(Dataset items)
◇ ◇ ◇ ◇ ◇ ◇ ◇
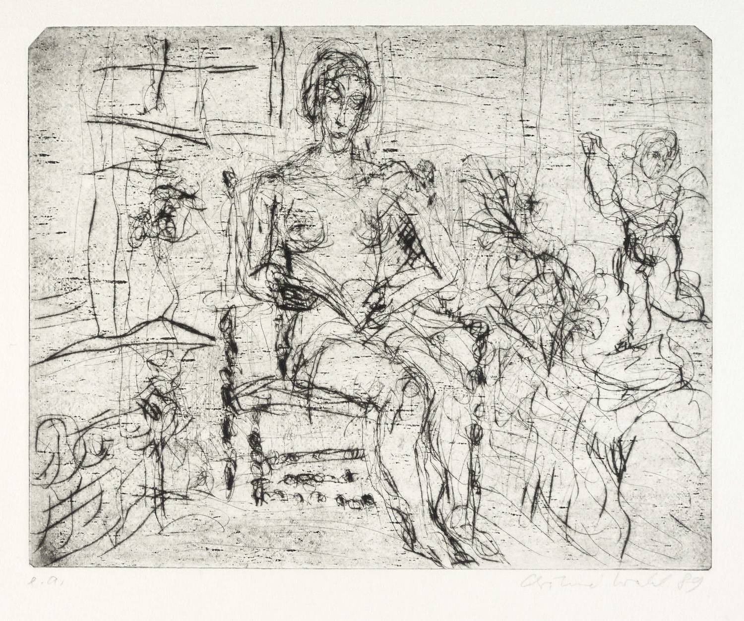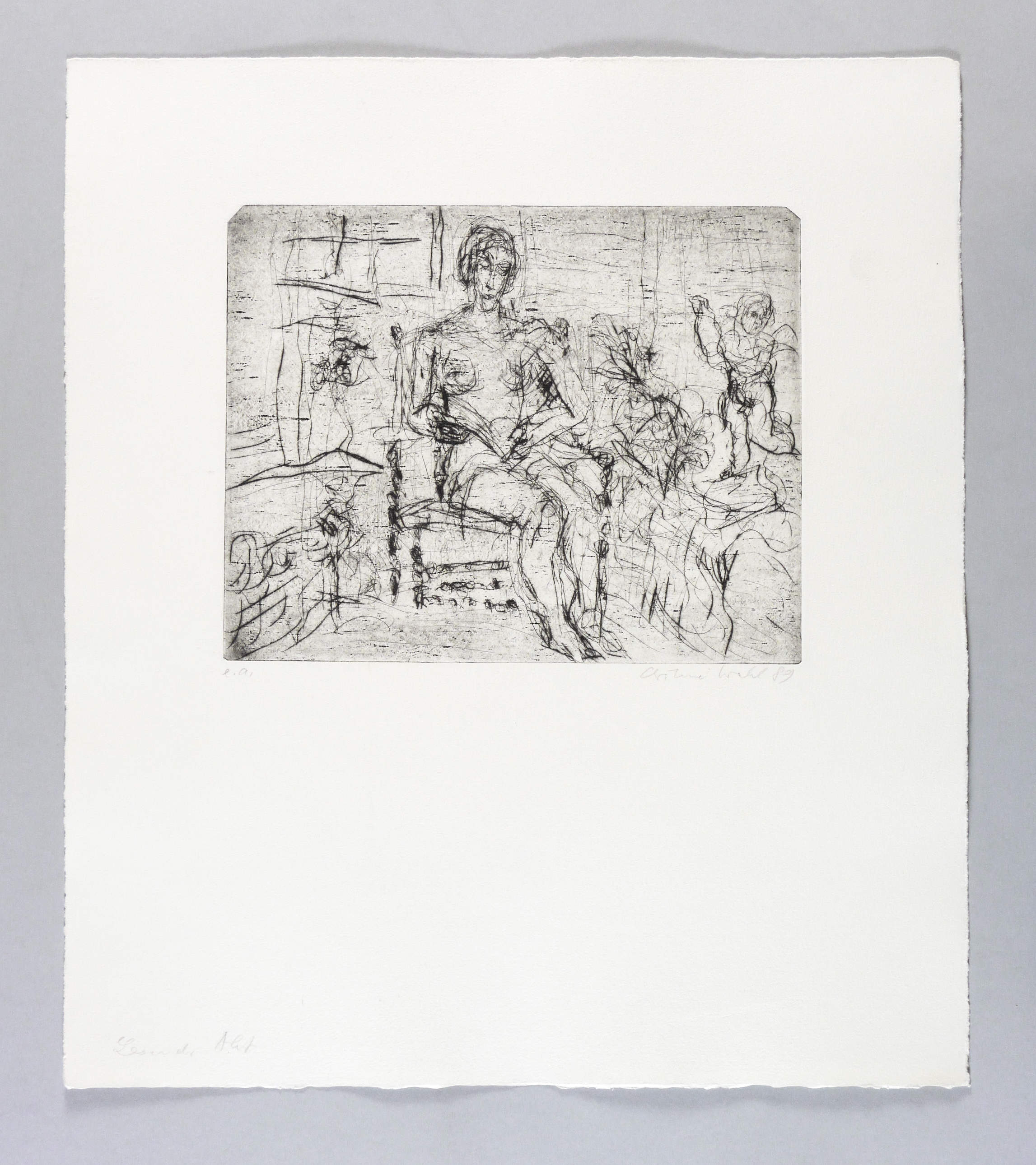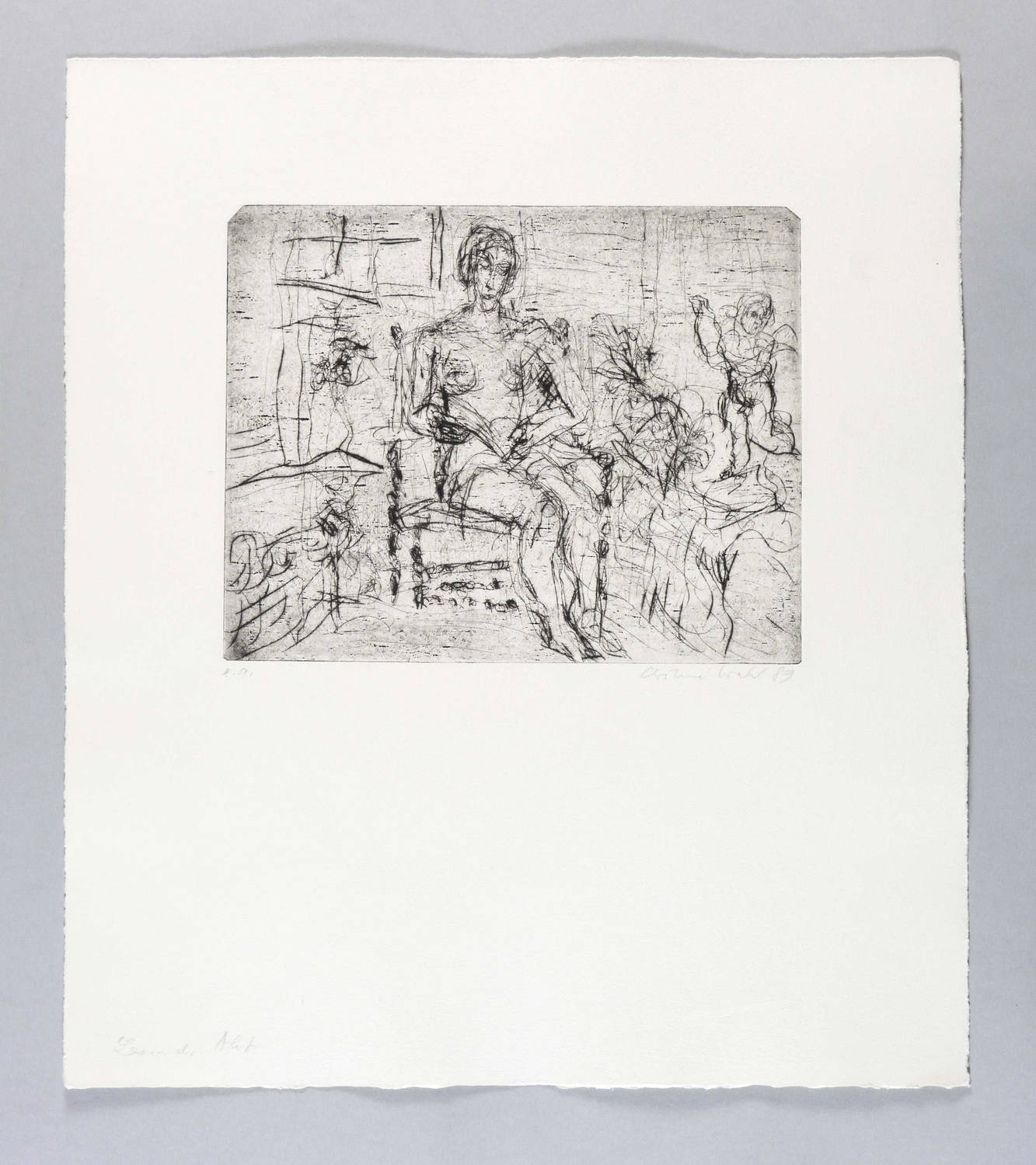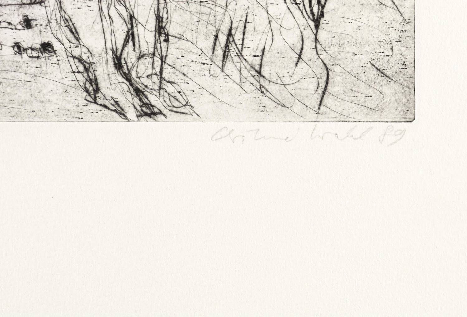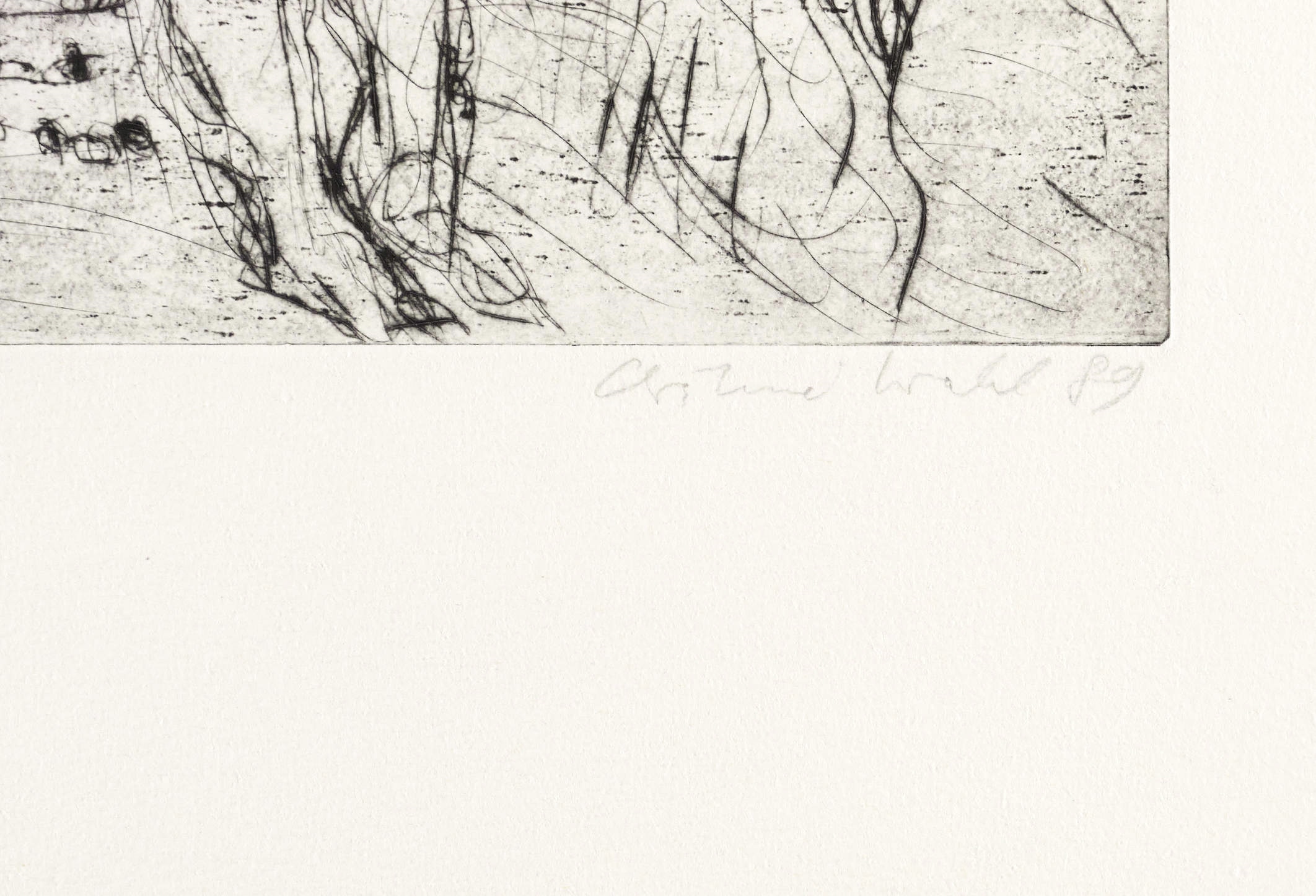 1989. Radierung / Kaltnadel, in Schwarz, mit Plattenton, auf hellgelbem Velin. – Originale Künstlergrafik, von Christine Wahl. – Künstlerexemplar (e.a.). – 20,1 x 25,1 cm (Darstellung / Platte), 45 x 39 cm (Blatt).
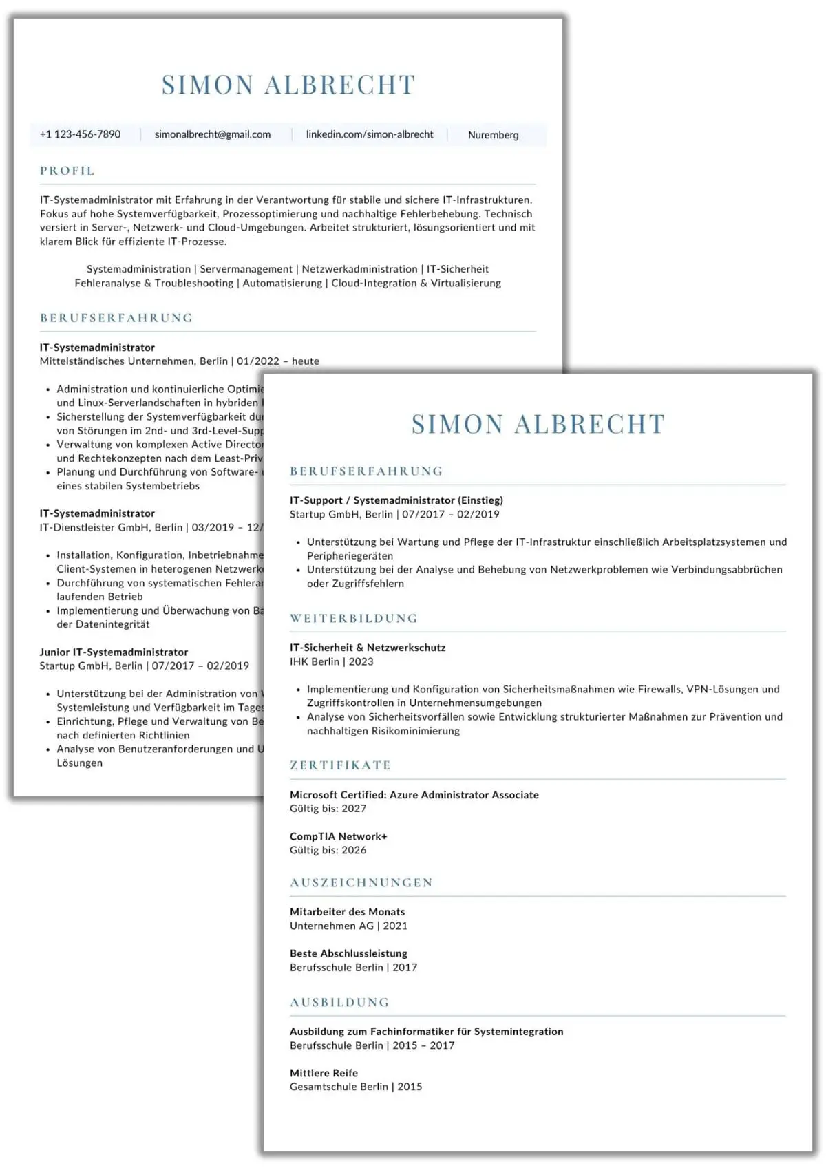Klassisch tabellarisch, chronologisch, mit klaren Abschnitten für Berufserfahrung, Ausbildung, Kenntnisse und Zertifizierungen. Zwei Seiten sind für erfahrene Sysadmins völlig in Ordnung. Die technischen Skills brauchen eine eigene, sofort sichtbare Sektion — nicht versteckt am Ende.
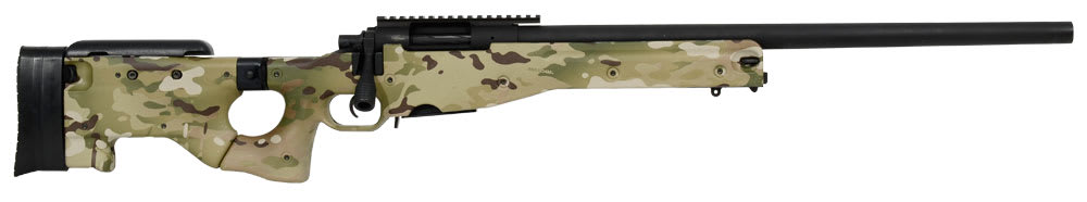 Surgeon SRS action and 23" Krieger threaded (5/8x24) barrel. AI 2.0 dipped multi-camo stock. Timney trigger and 20 MOA rail. 1500 rounds fired.
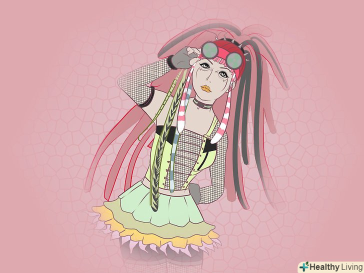 Пошукайте в Інтернеті "cyberlox", якщо вам це цікаво. такі дреди можуть коштувати досить дорого, проте виглядають дуже добре, якщо правильно їх підібрати. Постарайтеся вибрати Більш товсті і мають насичений колір , а краще ультрафіолетові. Навіть якщо ви не можете знайти дреди, які підходять вам за ціною, ви можете легко знайти дешеві матеріали для того, щоб зробити дреди самостійно (піна, пряжа, штучне волосся). Коли одягаєте їх, то варто носити пов'язку, щоб покрити голову, і тим самим зменшити тиск на шкіру голови від ваги дредів.
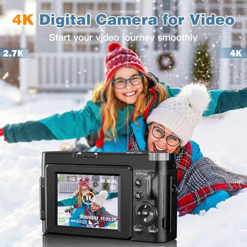 - 【Perfect Gift & Warranty Support】The vlogging camera with simple, intuitive control meets all your daily shooting needs with ease and is also a perfect gift for teens, adults, amateurs, teens, and seniors on Christmas and birthdays. Package List: 4K camera, two batteries, 32GB memory card, HDMI cable, USB cable, lanyard, lens cover. Two year hassle-free warranty- refund and replacement.
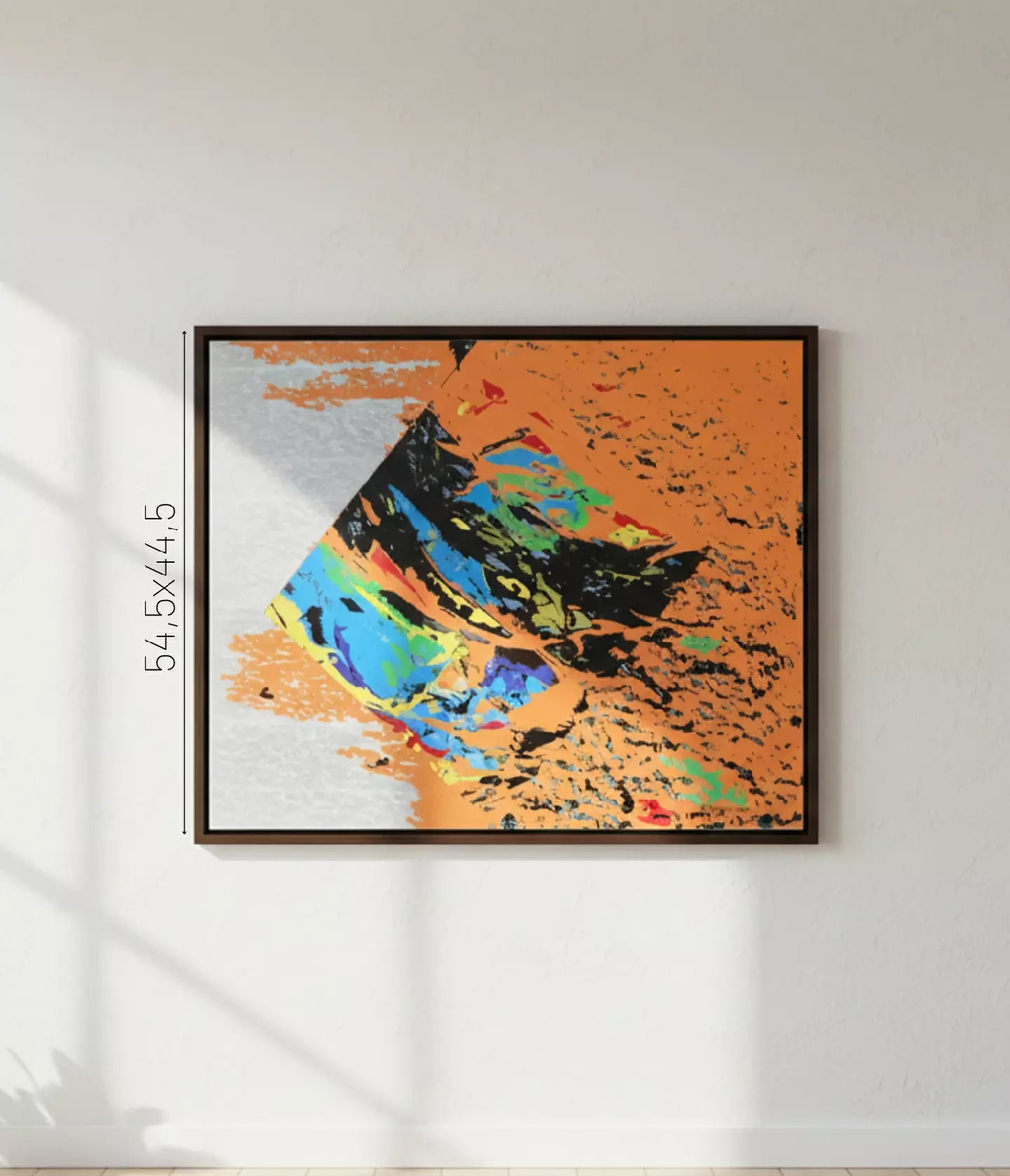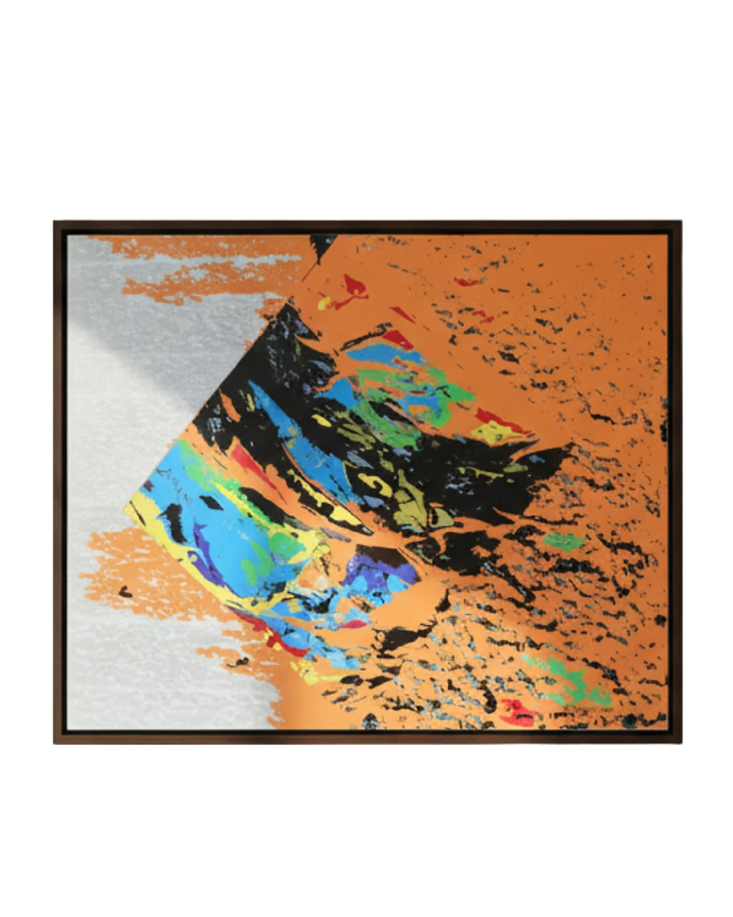A Ruptura: A transição entre os elementos não é suave. O losango parece despedaçar o fundo ou, inversamente, está sendo consumido e espalhado pelos respingos e rastros que se espalham da forma geométrica para o campo laranja. Essa técnica de dispersão gráfica remete a explosões de energia ou à desintegração de uma estrutura para dar lugar a algo novo.
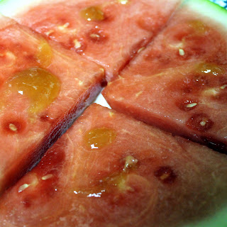 It’s amazing that grilling watermelon for a few minutes completely changes the taste of the watermelon. It’s quite tasty! The sugars in the watermelon and honey caramelize, making a new taste to the fruit. Yum!
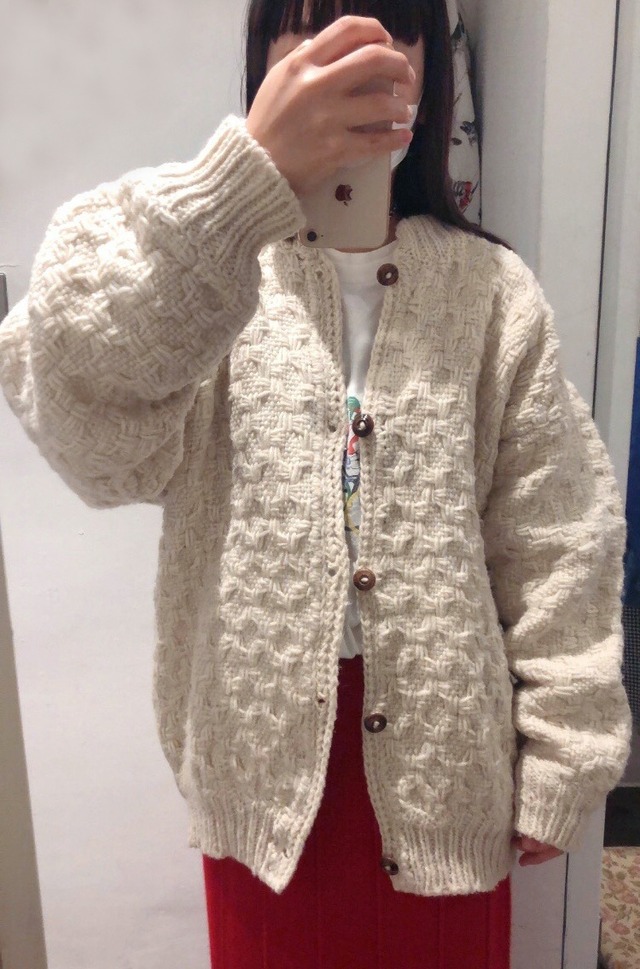 大きめサイズのフィッシャーマンニットカーディガンです。 大きめのサイズ感が網目がとても可愛いです。 大きめサイズ特有の後ろ姿のほわっとしたシルエットがまたとても可愛いです。 定番のアイテムなので流行り関係なく長く着用いただける1着は持っておきたいアイテムです。 - size - 着丈: 約68cm 身幅: 約58cm 肩幅: 約62cm 袖丈 約54cm ※ 着用者: 158cm - color - off white - material - ウール 古着のため、使用感や毛羽立ちがございます。 古着の特性をご理解頂いた上ご購入下さい。 ※ ATTENTION ※ • 採寸は平置き状態で手作業で行っております。1~2cmの誤差が生じる場合がございますので予めご了承下さい。 • お品物に多少のダメージ(シミ・糸のほつれ・多少の汚れ・小さな穴・色褪せなど)が有ることがございます。できるだけ記載しておりますが、正確に全てを記載することが難しいためあくまでもUSED商品であること、古いものの良さとしてご理解のうえご購入をお願い致します。 • ご覧の端末や画面によって、実際の商品と色味や状態が異なる場合がございますので予めご了承下さい。
◇ ◇ ◇ ◇ ◇ ◇ ◇
• **What is needed**: Output each record above exactly as written. Skip any pictures.

• **Worked solution**:
 1989. Radierung / Kaltnadel, in Schwarz, mit Plattenton, auf hellgelbem Velin. – Originale Künstlergrafik, von Christine Wahl. – Künstlerexemplar (e.a.). – 20,1 x 25,1 cm (Darstellung / Platte), 45 x 39 cm (Blatt).
Klassisch tabellarisch, chronologisch, mit klaren Abschnitten für Berufserfahrung, Ausbildung, Kenntnisse und Zertifizierungen. Zwei Seiten sind für erfahrene Sysadmins völlig in Ordnung. Die technischen Skills brauchen eine eigene, sofort sichtbare Sektion — nicht versteckt am Ende.
 Surgeon SRS action and 23" Krieger threaded (5/8x24) barrel. AI 2.0 dipped multi-camo stock. Timney trigger and 20 MOA rail. 1500 rounds fired.
 Пошукайте в Інтернеті "cyberlox", якщо вам це цікаво. такі дреди можуть коштувати досить дорого, проте виглядають дуже добре, якщо правильно їх підібрати. Постарайтеся вибрати Більш товсті і мають насичений колір , а краще ультрафіолетові. Навіть якщо ви не можете знайти дреди, які підходять вам за ціною, ви можете легко знайти дешеві матеріали для того, щоб зробити дреди самостійно (піна, пряжа, штучне волосся). Коли одягаєте їх, то варто носити пов'язку, щоб покрити голову, і тим самим зменшити тиск на шкіру голови від ваги дредів.
 - 【Perfect Gift & Warranty Support】The vlogging camera with simple, intuitive control meets all your daily shooting needs with ease and is also a perfect gift for teens, adults, amateurs, teens, and seniors on Christmas and birthdays. Package List: 4K camera, two batteries, 32GB memory card, HDMI cable, USB cable, lanyard, lens cover. Two year hassle-free warranty- refund and replacement.
A Ruptura: A transição entre os elementos não é suave. O losango parece despedaçar o fundo ou, inversamente, está sendo consumido e espalhado pelos respingos e rastros que se espalham da forma geométrica para o campo laranja. Essa técnica de dispersão gráfica remete a explosões de energia ou à desintegração de uma estrutura para dar lugar a algo novo.
 It’s amazing that grilling watermelon for a few minutes completely changes the taste of the watermelon. It’s quite tasty! The sugars in the watermelon and honey caramelize, making a new taste to the fruit. Yum!
 大きめサイズのフィッシャーマンニットカーディガンです。 大きめのサイズ感が網目がとても可愛いです。 大きめサイズ特有の後ろ姿のほわっとしたシルエットがまたとても可愛いです。 定番のアイテムなので流行り関係なく長く着用いただける1着は持っておきたいアイテムです。 - size - 着丈: 約68cm 身幅: 約58cm 肩幅: 約62cm 袖丈 約54cm ※ 着用者: 158cm - color - off white - material - ウール 古着のため、使用感や毛羽立ちがございます。 古着の特性をご理解頂いた上ご購入下さい。 ※ ATTENTION ※ • 採寸は平置き状態で手作業で行っております。1~2cmの誤差が生じる場合がございますので予めご了承下さい。 • お品物に多少のダメージ(シミ・糸のほつれ・多少の汚れ・小さな穴・色褪せなど)が有ることがございます。できるだけ記載しておりますが、正確に全てを記載することが難しいためあくまでもUSED商品であること、古いものの良さとしてご理解のうえご購入をお願い致します。 • ご覧の端末や画面によって、実際の商品と色味や状態が異なる場合がございますので予めご了承下さい。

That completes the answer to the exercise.